Pues si hubieran detenido a Ed por el crimen, no tendríamos nuestra película”. Naturalmente
habla de Psicosis (1960), pero
también de sus cimientos, la novela homónima de Robert Bloch –otrora discípulo
de Howard Phillips Lovecraft- y profundamente inspirada en la carrera criminal
de Gein, un caso escandaloso que estremeció a la sociedad de su época. No por
su número comprobado de víctimas –dos-, que es ínfimo en comparación a otros
notables asesinos, sino por lo que representó. Nadie pensaba que en una
pacífica comunidad rural, en el idílico Estados Unidos de los años cincuenta,
pudieran producirse tales horrores.
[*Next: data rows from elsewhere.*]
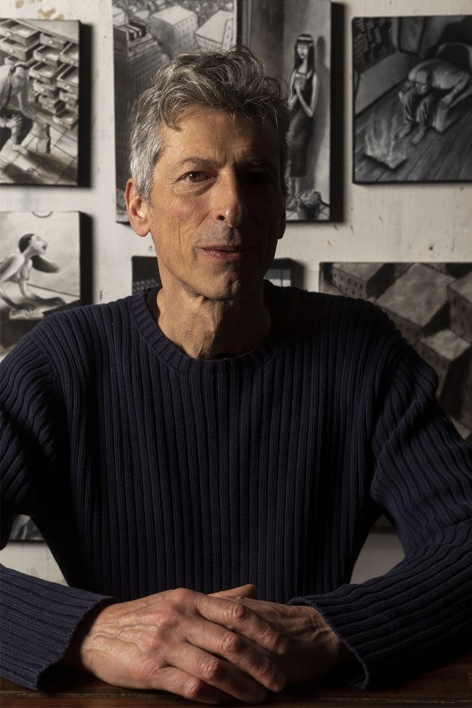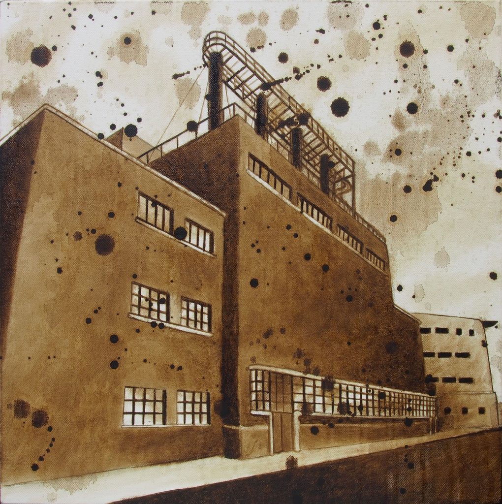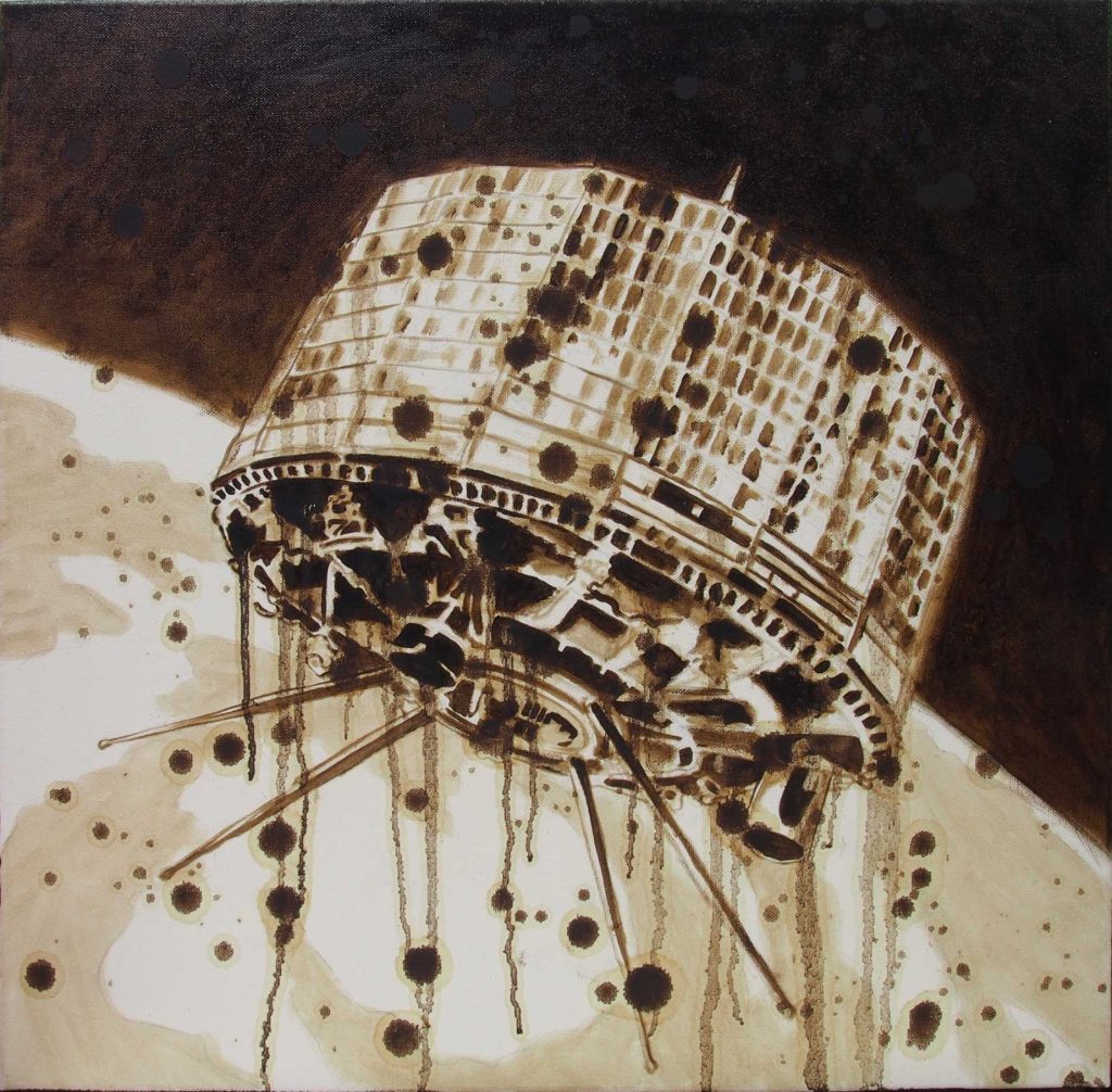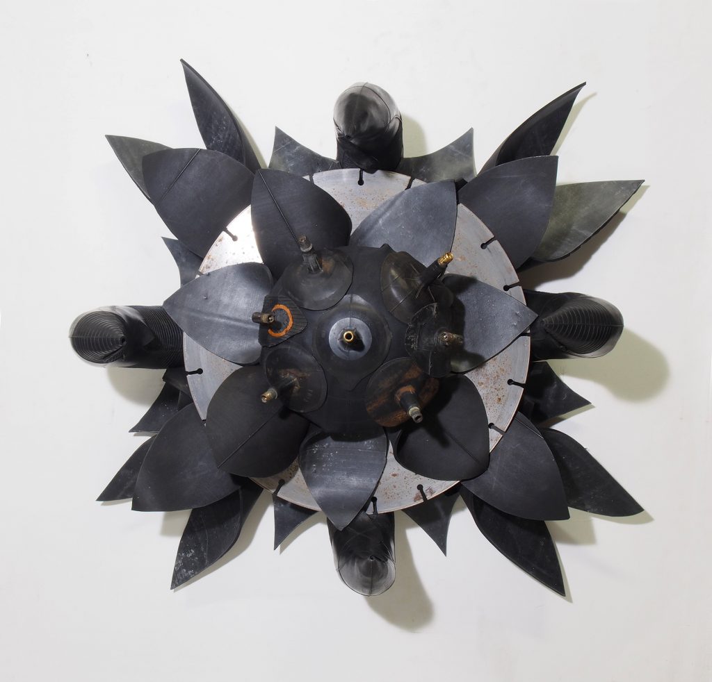 Dalla terra alla luna radicalizza lo sguardo di Luca Matti sulla città. Non più e non solo la selva di edifici irrompe dalle sue tele; ora l’intero ecosistema appare aggredito dalla presenza umana. Una natura mutata, ormai divenuta sintetica, emerge rigogliosa dalle giungle dipinte a bitume o scolpite nelle camere d’aria.
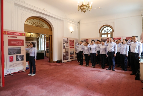 参观最后,全体人员面对鲜红的党旗,庄严地举起右手,重温入党誓词,这既是对初心使命的回望,也是对历史和先辈的告慰,更是对接续奋斗的宣示。
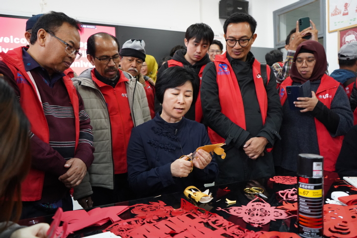 印尼教育大学代表团参观了我校安徽省非物质文化遗产教育传习基地——剪纸艺术研究中心,亲身体验了剪纸艺术的魅力;观看了由米兰app下载免费安装手机版学生带来的武术表演,并与表演学生亲切交流互动。
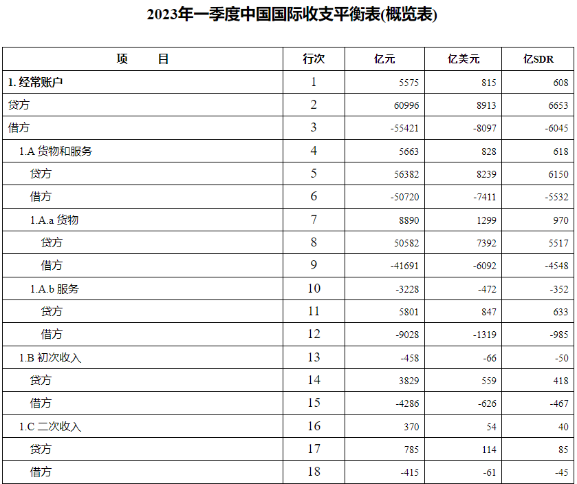 国家外汇管理局公布2023年一季度我国国际收支平衡表
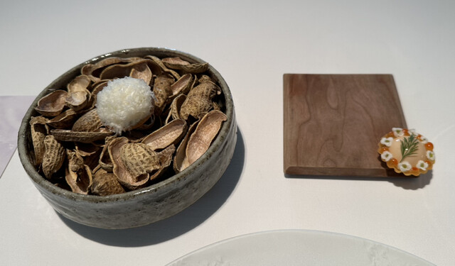 続いてフィンガーフードが2種類登場する。落花生の殻の中に埋もれたピーナッツタルト。那須産チーズ「みのり」が削られているが、やはりピーナッツのコクが印象的である。少し黒胡椒らしきものが効いているのも良い。
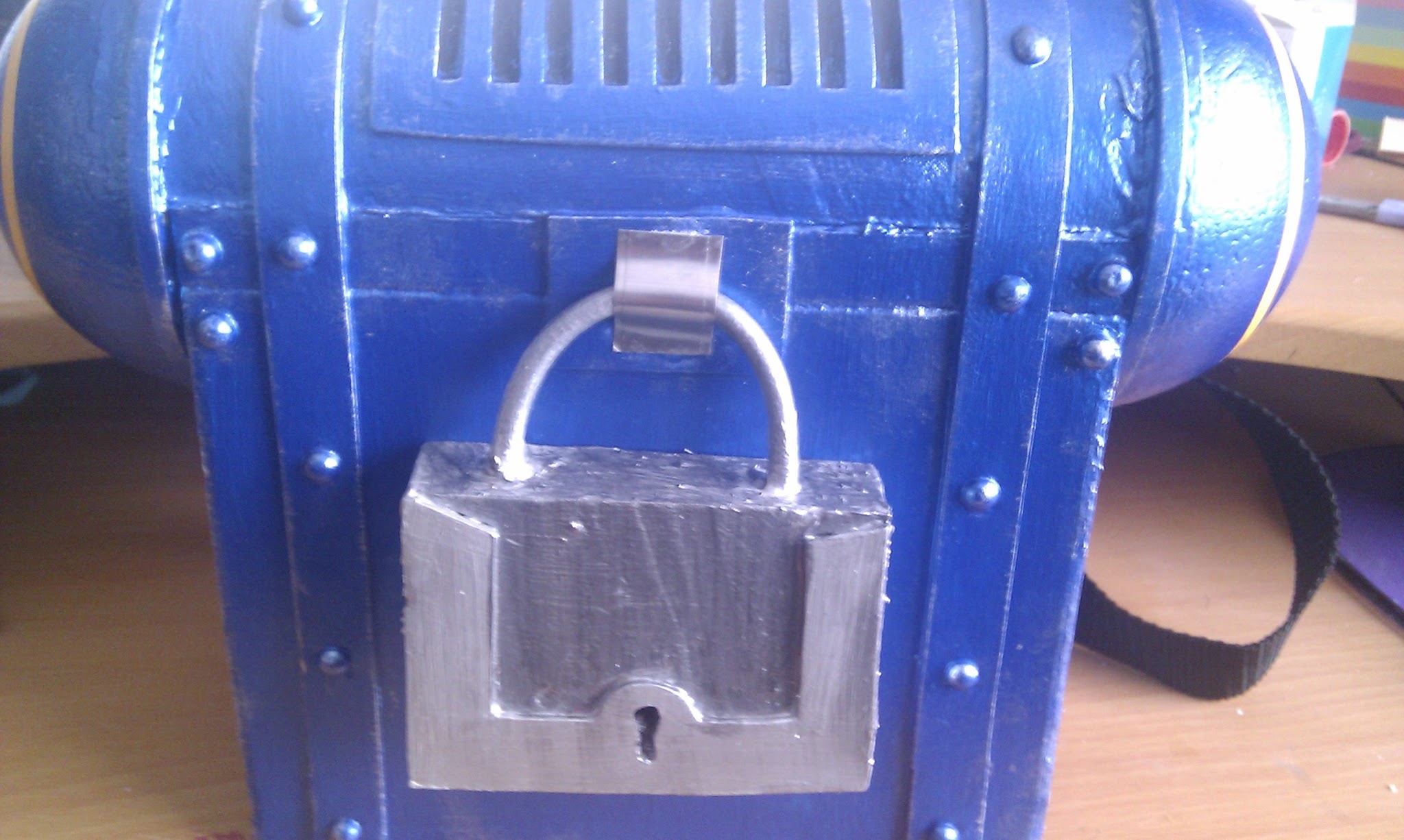 Para terminar, hice el candado, que es un trozo de styrofoam con relieves en goma eva, le puse las tiras naranjas a los lados, pint茅 las rendijas de negro para que parecieran m谩s profundas y le di un toque un poco desgastado con la t茅cnica de pincel seco y pintura plateada.

El guionista Robin Wood lo calificó como
“el sueño americano convertido en pesadilla”.
Mucho se ha
escrito sobre Gein, en la realidad y la ficción. Uno de los mejores estudios
que se ha hecho sobre él lo debemos a Harold Schetcher titulado Deviant, the shocking trae story of Ed Gein,
the original Psycho:
Pero el evento que
verdaderamente inmortalizó a Eddie fue, por supuesto, su aparición en 1960 en
el consumado filme de terror Psicosis, basado en la novela que Robert Bloch
modeló a partir de materiales del caso Gein. Aunque no hay indicaciones de que Eddie haya visto –o incluso sabido de-
la adaptación cinematográfica que sus crímenes inspiraron, la película de
Hitchcock lo transformó de una leyenda local hasta una imperecedera parte de la
mitología popular norteamericana. […] Eddie Gein se había convertido en el
“verdadero Norman Bates”.
Su figura
fue modelo de otras notables creaciones, desde el asesino Leatherface de La masacre de
Texas (Tobe Hooper, 1974), el necrófilo Ezra
Cobb (Roberts Blossom) de la cinta Deranged:
The confessions of a necrophile (lan Ormsby y Jeff Gillen, 1974) o el
sastre homicida James Gumb en la
novela El silencio de los corderos de
Thomas Harris. Físicamente Gein, quien alegó demencia por sus crímenes y fue confinado
en una institución psiquiátrica, murió por una insuficiencia respiratoria el 26
de julio de 1984 a
la edad de 77 años. No sólo se salió con
la suya, obtuvo una infame forma de inmortalidad.